= Graeme Inson =

Australian artist (1923–2000)

Graeme Charles Inson (8 February 1923 – 2000) was an Australian artist, best known as a portraitist. He was a regular contributor to Archibald contests and a frequent finalist.

==History==
Inson was born at the Inson residence "Inglebrae", Cootamundra, only son of Charles Henry Inson (6 April 1887 – 6 April 1934), co-owner with Mat Ryan of Ryan & Inson's department store. His mother was Lila Inson née Kirley.

He attended Canberra Grammar School, where he excelled at art, then studied under Max Meldrum in Melbourne, gaining a high degree of fluency in Meldrum's theory of tonal impressionism.
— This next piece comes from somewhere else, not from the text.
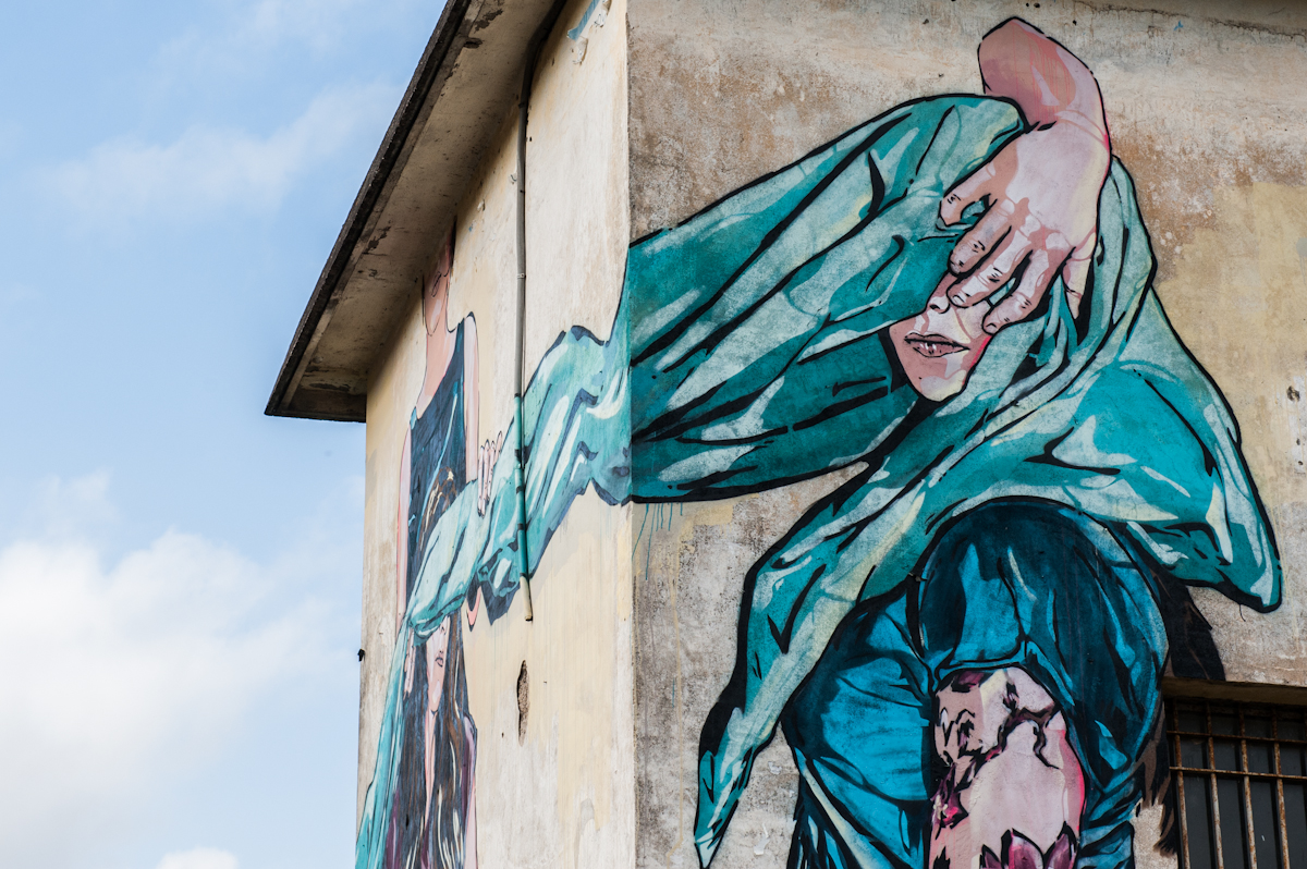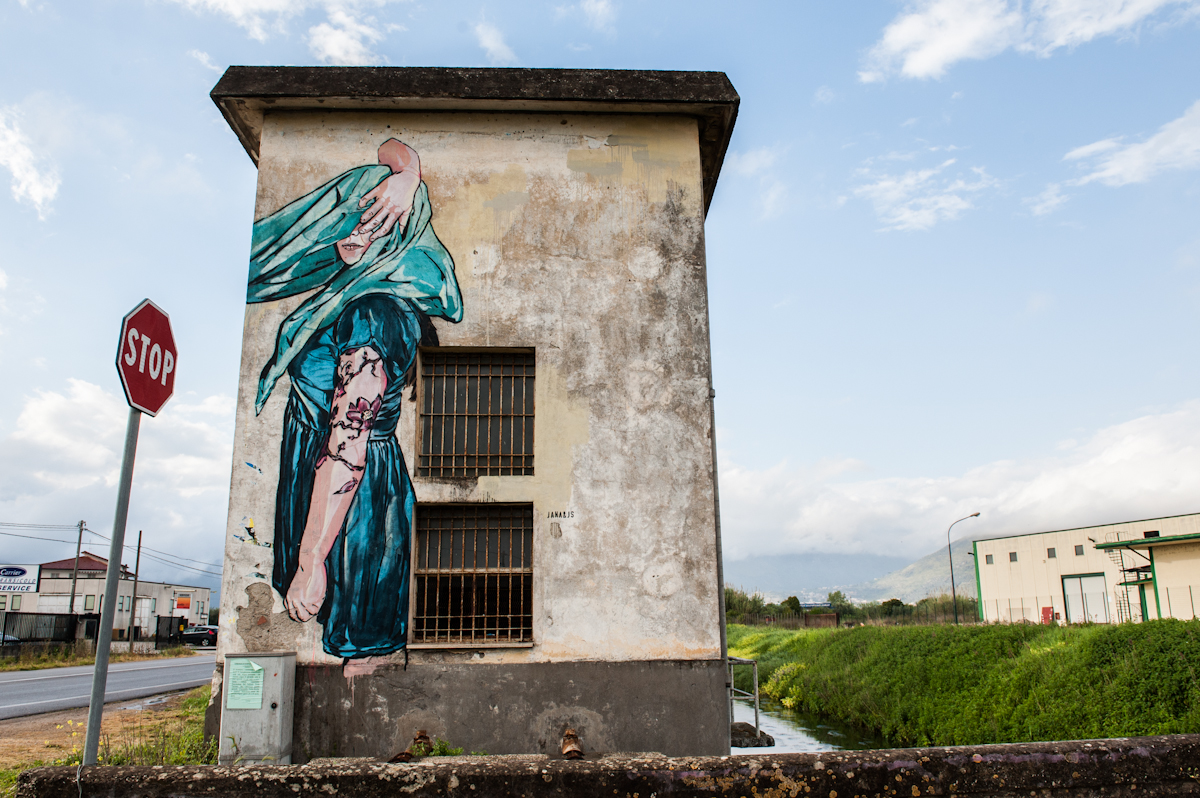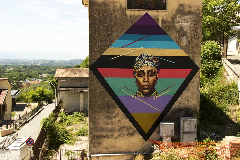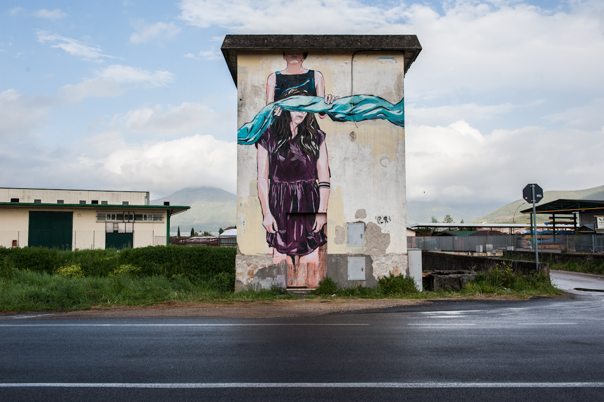 Memorie Urbane 2015 street art festival in Italy continues with the current solo show CROSSING by Levalet, on view at Basement Project Room in Fondi, and with various new pieces, among which a powerful mural by Case Ma’Claim, several interventions by Doa Oa, part of her ongoing reforestation project, the playful Jana & JS piece, the staggering portraits of ECB Hendrik Beikirch and INO, the abstract vortex murals of 1010, the colorful works by BTOY or the dynamic and suggestive pieces by Adomas.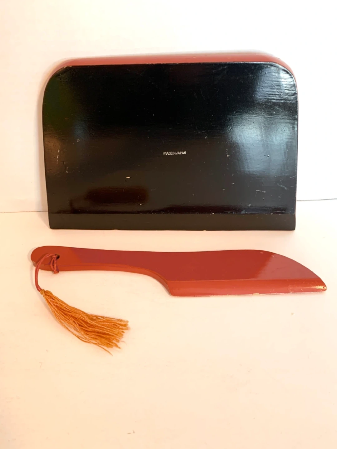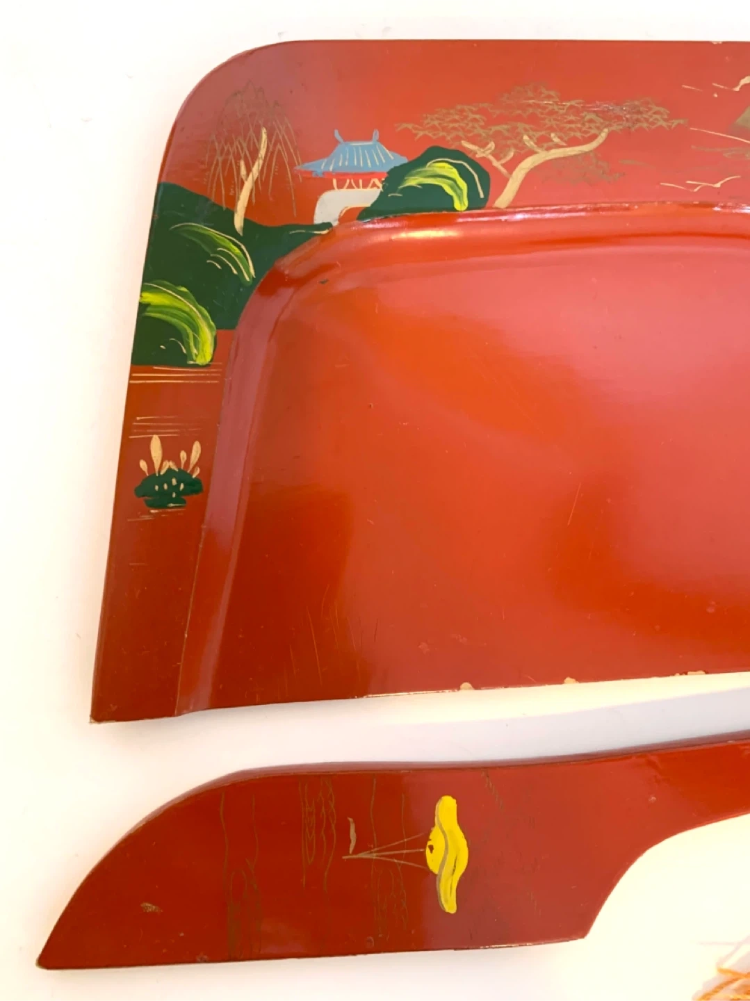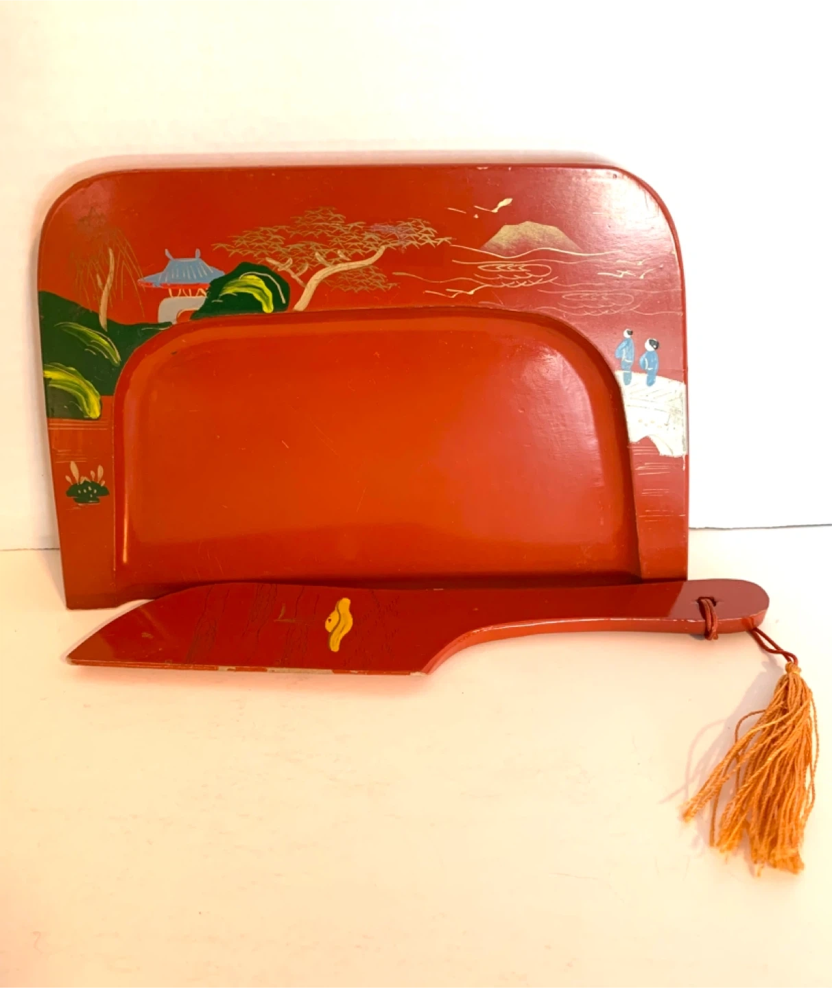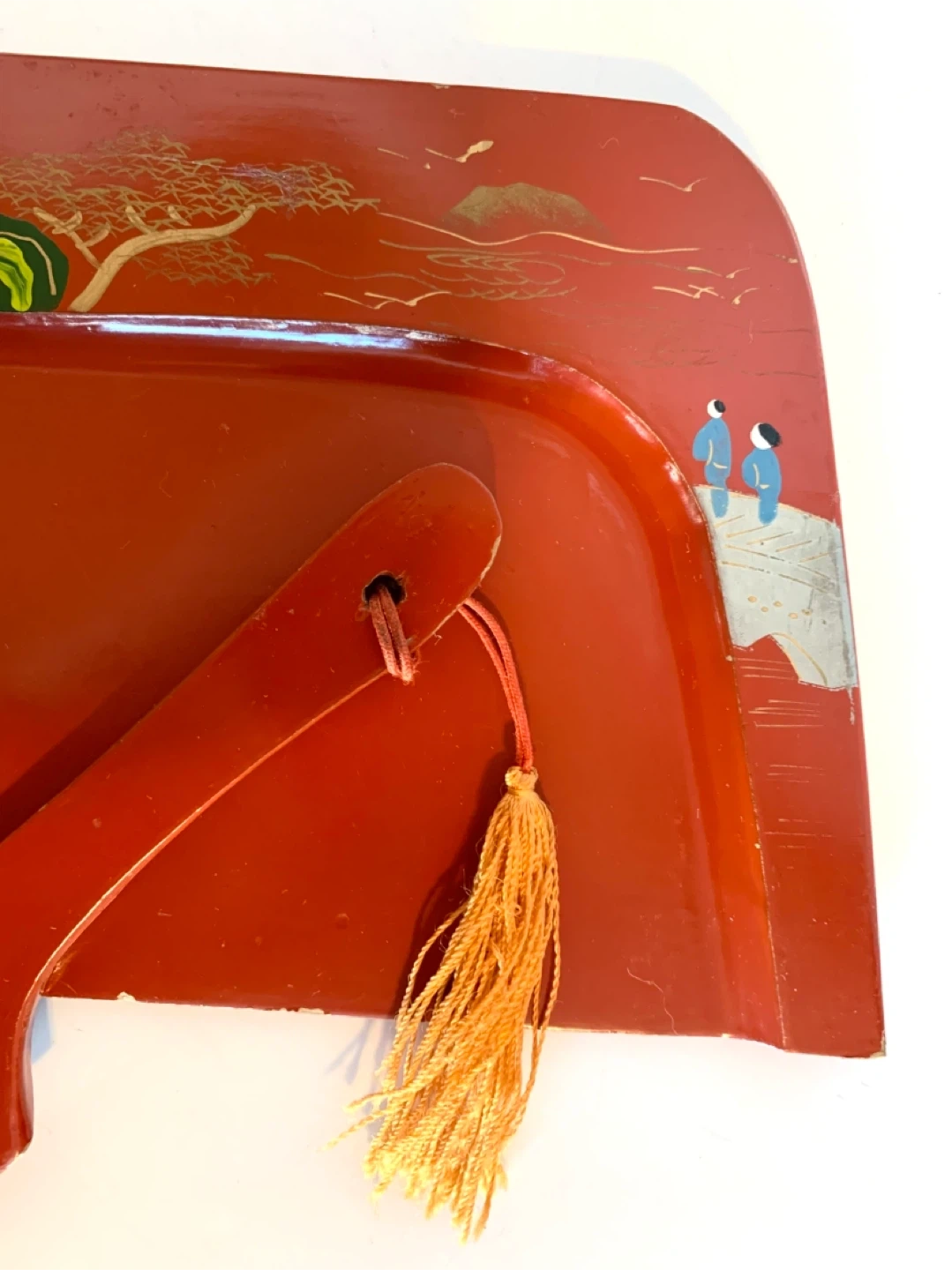 This is a decorative vintage dustpan and brush set. It's made of red lacquered wood with hand-painted Japanese-style scenery. The set includes a dustpan and a matching brush. An orange tassel hangs from the brush handle.

In 1955 he established his own teaching studio in Sydney.
He was a friend of Henry Hanke and Ivy Shore, with whom he shared a studio in Sussex Street.

He was a prolific painter, and held a great number of one-man exhibitions. At one show, held at the Brisbane Town Gallery, every one of his paintings was sold before the show opened.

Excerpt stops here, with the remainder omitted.